I mixed sesame, flax, pumpkin, and sunflower. I've taken a million pictures of his legs and neck since he started losing hair and it's really hard to tell if any is growing back because his fur is so close to the color of his skin. When we went outside this morning I could really tell it was getting thicker. I'm not expecting a miracle but even if half of it comes back I'll be thrilled!


----------



## magicre (Apr 7, 2010)

that's what i said. i took pics every day and then realised that was a little obsessive...oh wait, i AM a little obsessive...but now, six weeks later, not only am i sure, my groomer is sure and i am once again vacuuming daily the pug and corgi fur.

yay for you.


----------



## CorgiPaws (Mar 31, 2009)

that's fantastic news! Refresh my memory on what the seed mixture is, how much you're feeding, and how you're feeding it?
I'm sold on it, I'd love to understand it so I can help people that come to my business.


----------



## Donna Little (May 31, 2011)

I just copied what Re was doing. Equal parts of flax, sunflower, pumpkin and sesame. I haven't really measured it but just take a pinch of it and put that on their meals. Obviously it helps. He was my only dog too that fish oil didn't seem to agree with. I give fish oil to all the others as well as a pinch of seeds. I'm not gonna question what's going on but will just enjoy the results!


----------



## CorgiPaws (Mar 31, 2009)

Donna Little said:


> I just copied what Re was doing. Equal parts of flax, sunflower, pumpkin and sesame. I haven't really measured it but just take a pinch of it and put that on their meals. Obviously it helps. He was my only dog too that fish oil didn't seem to agree with. I give fish oil to all the others as well as a pinch of seeds. I'm not gonna question what's going on but will just enjoy the results!


do you smash or grind them or anything?


----------



## Donna Little (May 31, 2011)

PuppyPaws said:


> do you smash or grind them or anything?

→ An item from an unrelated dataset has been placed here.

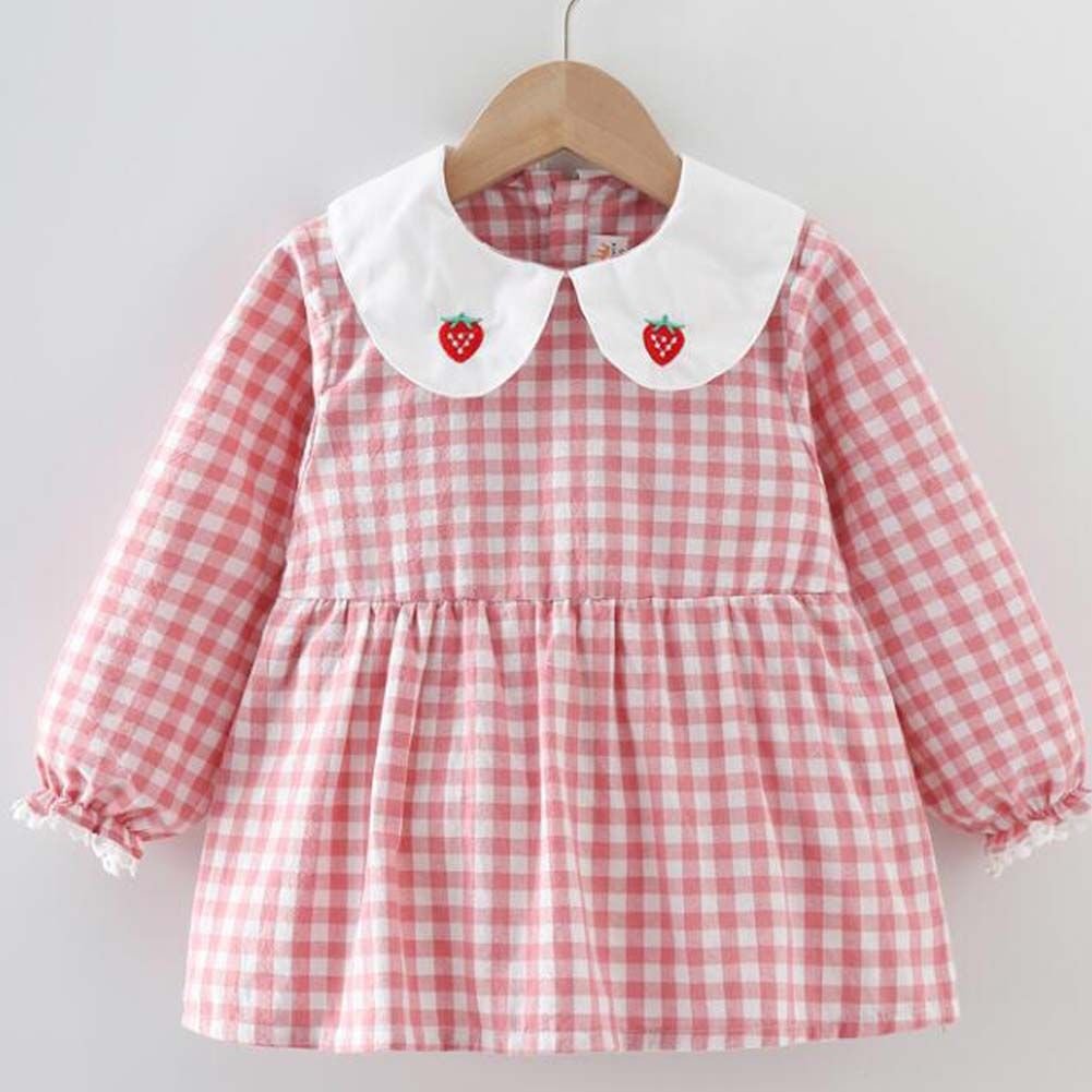 Pink Grid Baby Eating Smock Infant Inner Waterproof Bibs Girls Long Sleeve Painting Smock Apron

I have a Magic Bullet, similar to a coffee grinder, and run them through that.


----------



## magicre (Apr 7, 2010)

donna's right.

i used 1/4 cup of each seed (pumpkin/flax/sunflower/sesame) and i grind them using my little cuisinart coffee grinder. i keep it in my freezer. (not the cuisinart - the seed mix)

if i remember, they get about a 1/2 teaspoon....but i use my fingers so it's more of a sprinkling...some days, a little more or less than others. i don't think this is an exact science.

i think chia seeds can also be used because they are second to flax for being so high in omega threes.

even your danes would only get a sprinkling...maybe a teaspoon...it's not so much about quantity...this is one that i believe more is not always better..

but they are all high in omega threes and apparently something is getting through because fur is coming in thick and lush.

i also use olive oil....because i'm using turmeric and freshly grated ginger for malia's old injury that is coming back to haunt her. these are anti inflammatories...and i just don't want to put her on nsaids or pain killers.


----------